Now, back to the actual problem...

The network uplink to the central network happens over a pair of 10Gb/s fiber links. According to the graph, you can see that the VM was pushing 100MB (800Mb/s). This is clearly Bad(tm), but it’s not world-ending bad for the network, right ? Right. Except...

Upstream of us, we are going through an in-line firewall (that, like OUR equipment, was not set to filter egress traffic based on spoofed source IPs - oops, but not for me, finally !). We are assigned to one of five virtual firewalls on that one physical piece of hardware...despite that, the actual physical piece of hardware has a limit of around a couple hundred thousand concurrent sessions.

For a network this size, that is probably(?) reasonable, but a session counts as a stream of packets between a source IP and a destination IP. Every time you change the source IP, you get a new session, and when you spoof thousands of source IPs...guess what ? And since it’s a per-physical-device limit, our one rogue VM managed to take out the resources of the big giant firewall.

In essence, this one intentional DoS attack on a couple of hosts in China successfully DoS’d our university as sheer collateral damage. Oops.

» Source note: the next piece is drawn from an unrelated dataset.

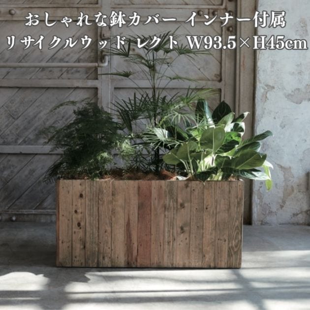 鉢カバー おしゃれ 軽い 大型 四角 スクエア リサイクルウッド レクト 樹脂インナー付 Lサイズ 高級 北欧 室内 屋内 観葉植物用 サボテン 特大 玄関 インテリア プランター 深型
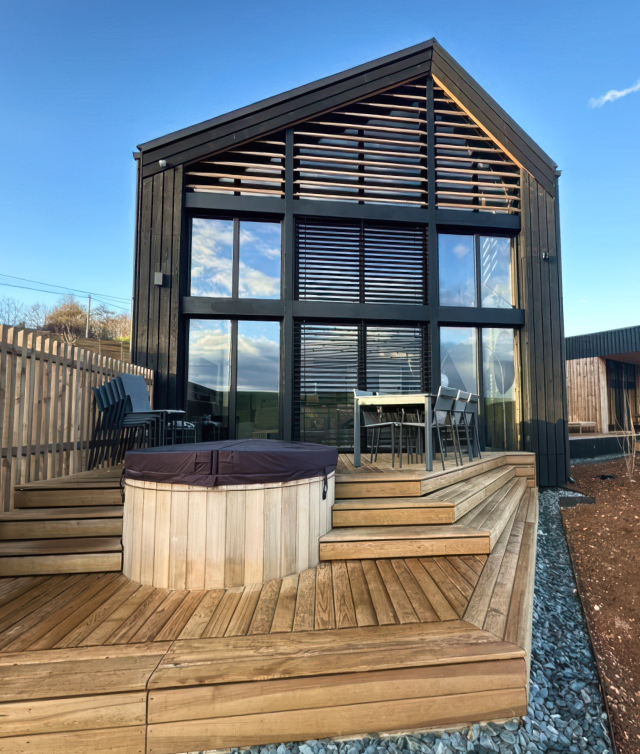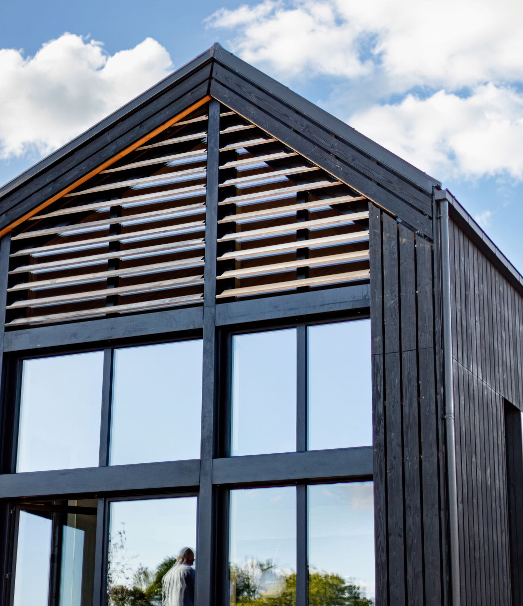 Set against a backdrop of lush forests and open meadows, Ostara is a sanctuary of calm and considered beauty. Our contribution: black charred Douglas Fir cladding that wraps the building in a bold, elegant skin. It not only complements the surrounding landscape but also gives the structure a strong, sculptural presence, balancing luxury with nature in perfect harmony.

So, we’re working on ways to fix things. A relatively simple step is to prevent egress traffic from IPs that aren’t our own. This is done now. We’ve also been told that we need to block egress DNS traffic, except from known hosts or to public DNS servers. This is in place, but I really question its efficacy. So we’re blocking DNS. There are a lot of other protocols that use UDP, too. NTP reflection attacks are a thing. Anyway, we’re now blocking egress DNS and I’ve had to special-case a half-dozen research projects, but that’s fine by me.

In terms of things that will make an actual difference, we’re going to be re-evaluating the policies in place for putting VMs on publicly-accessible networks, and I think it’s likely that there will need to be justification for providing external access to new resources, whereas in the past, it’s just been the default to leave things open because we’re a college, and that’s what we do, I guess. I’ve never been a fan of that, from a security perspective, so I’m glad it’s likely to change now.

So anyway, that’s how my week has been. Fortunately, it’s Friday, and my sign is up to "It has been [3] Days without a Network Apocalypse".